Melinda's is OK. For all the habanero hype of the label, it's not too hot. The sweetness of the pepper and the carrot come through. My current favorite is quite mild actually, Garlic Cholula. It's milder than the regular Cholula, but I like the garlic note. I use hot sauce a lot in the correcting of seasoning of a dish rather than salt. I'm on a sodium restricted diet so this is a good way to intensify flavor without getting hot about it. 

I like Franks Red Hot a lot too. It's fairly mild, has good flavor, but is a bit high in salt for my flavor correcting uses. If I want heat, I tend to reach for dried chiles, most often Guajillo of late, even where cayenne is called for. It takes more guajillo to equal the intensifty of cayenne, but I think it has more flavor than cayenne.


----------



## jake t buds (May 27, 2013)

Thanks for the responses, everybody.

Chefwriter - thanks for the info about bottles, preserving, and guar gum.

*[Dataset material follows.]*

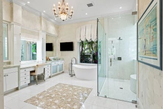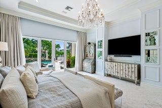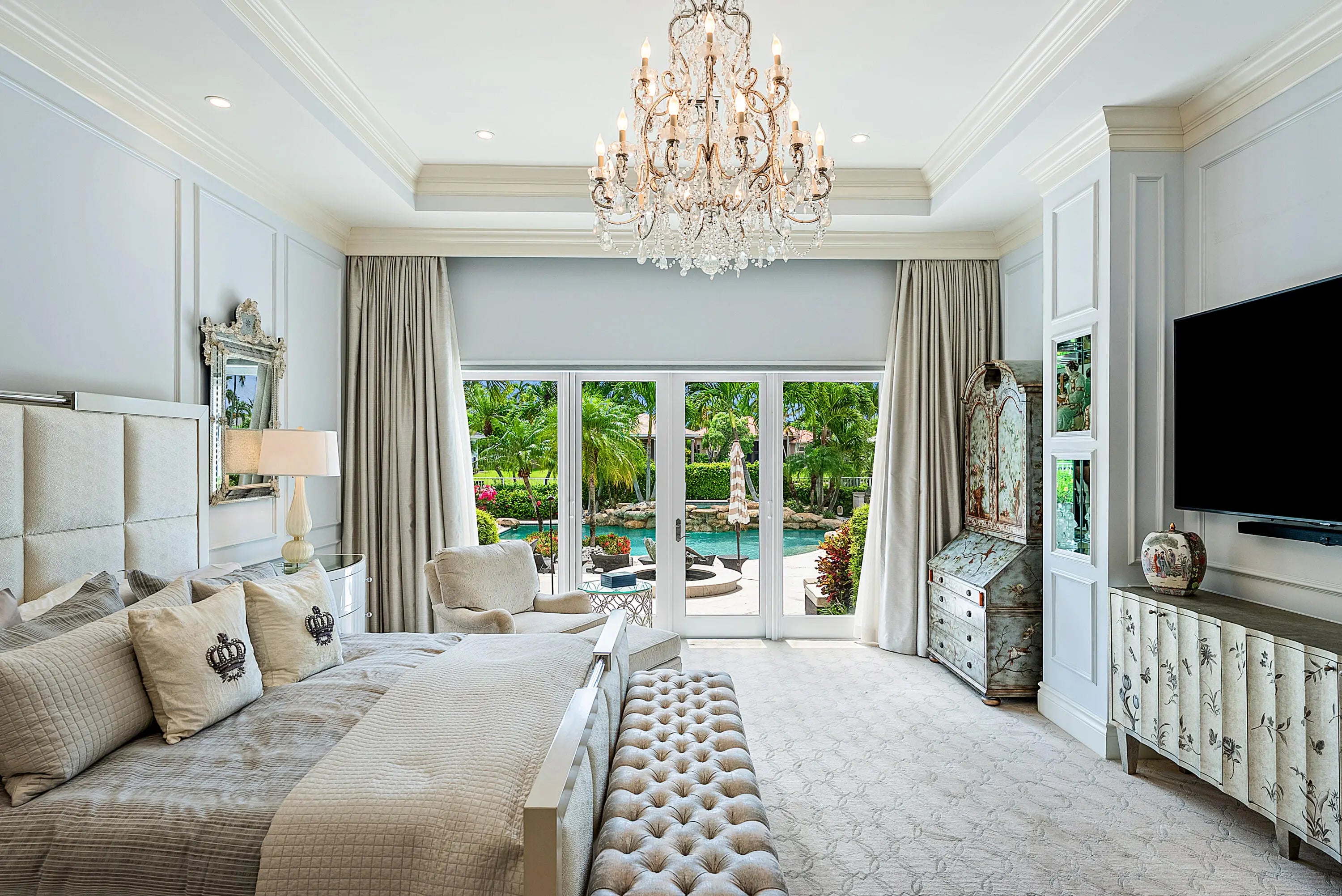 Welcome to this charming and updated estate home. Nestled at the end of a quaint cul-de-sac, a spacious driveway leads you to the beautiful home. Inside, a grand foyer opens into a light-filled living room with soaring ceilings and floor-to-ceiling windows that frame stunning views of the lake. Built-ins flank a fireplace, anchoring the space. The open layout provides generous living spaces, ideal for both relaxation and entertaining. Adjacent to the formal dining room, it sits just off the main living space, providing a perfect setting for hosting gatherings. The renovated kitchen makes a significant impression, featuring a large island, ample cabinetry, Wolf appliances, a built-in desk, and a casual dining area. The kitchen seamlessly connects to the spacious family room, which also enjoys the same picturesque views of the outdoor setting. A cozy sitting area and a bar enhance the home's inviting atmosphere. Step outside to take in peaceful lake views that serve as a stunning backdrop to the pool and spa. The expansive patio provides multiple areas to lounge and unwind while taking in captivating West-facing sunsets. The elegant primary suite is thoughtfully positioned in its own wing for maximum privacy. It features serene views, two walk-in closets, and dual bathrooms. A richly appointed office with dark wood finishes and a charming rolling library ladder adds warmth and character. Three additional ensuite bedrooms provide ideal accommodations for guests. Further highlights include a chic powder bathroom, spacious laundry room, a three-car garage, and hurricane impact windows and doors for added peace of mind. Located within the award-winning Polo Club, residents enjoy access to two championship golf courses, top-tier tennis and pickleball programs, a resort-style aquatics complex, a state-of-the-art fitness center and spa, a variety of dining options, and a lively social calendar with events for all ages.

I don't have any experience with Habaneros. I do with the others, and have a rough idea how hot each type is, and am able to adjust the heat. Some recipes call for 5-10 habaneros to 1 1/2 cup of vinegar but I think that's excessive. Another called for 1 pound of scotch bonnets, and 28 oz of (combined) liquid.  Also seems excessive. I wasn't looking for hard and fast rules, but general proportions based on experience using habaneros or somehow using the scoville scale as a gauge. It exists for a reason, after all. 

How do commercial sauce makers gauge heat? The only thing I know that neutralizes capsaicin is yogurt or dairy products. That's why spicy indian food is sometimes served with raita, a cucumber yogurt sauce. 

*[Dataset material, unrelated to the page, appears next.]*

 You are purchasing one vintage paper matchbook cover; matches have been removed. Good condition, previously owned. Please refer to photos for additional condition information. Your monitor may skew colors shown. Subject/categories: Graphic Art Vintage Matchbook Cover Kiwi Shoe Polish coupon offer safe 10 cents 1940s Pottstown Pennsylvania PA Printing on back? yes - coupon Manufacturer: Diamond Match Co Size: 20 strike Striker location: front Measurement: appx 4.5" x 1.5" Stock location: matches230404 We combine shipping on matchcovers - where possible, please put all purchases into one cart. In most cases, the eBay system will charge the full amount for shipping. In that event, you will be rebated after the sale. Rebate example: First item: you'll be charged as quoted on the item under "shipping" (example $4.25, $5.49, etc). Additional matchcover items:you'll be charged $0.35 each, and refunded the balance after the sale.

Anyway, I understand the response of : experiment and vary ingredients; everybody has different tastes, etc

I'll update the post once I've finished and have time to detail the results. 

Thanks again.


----------



## decrotie2004 (Sep 29, 2014)

> How do commercial sauce makers gauge heat? The only thing I know that neutralizes capsaicin is yogurt or dairy products. That's why spicy indian food is sometimes served with raita, a cucumber yogurt sauce.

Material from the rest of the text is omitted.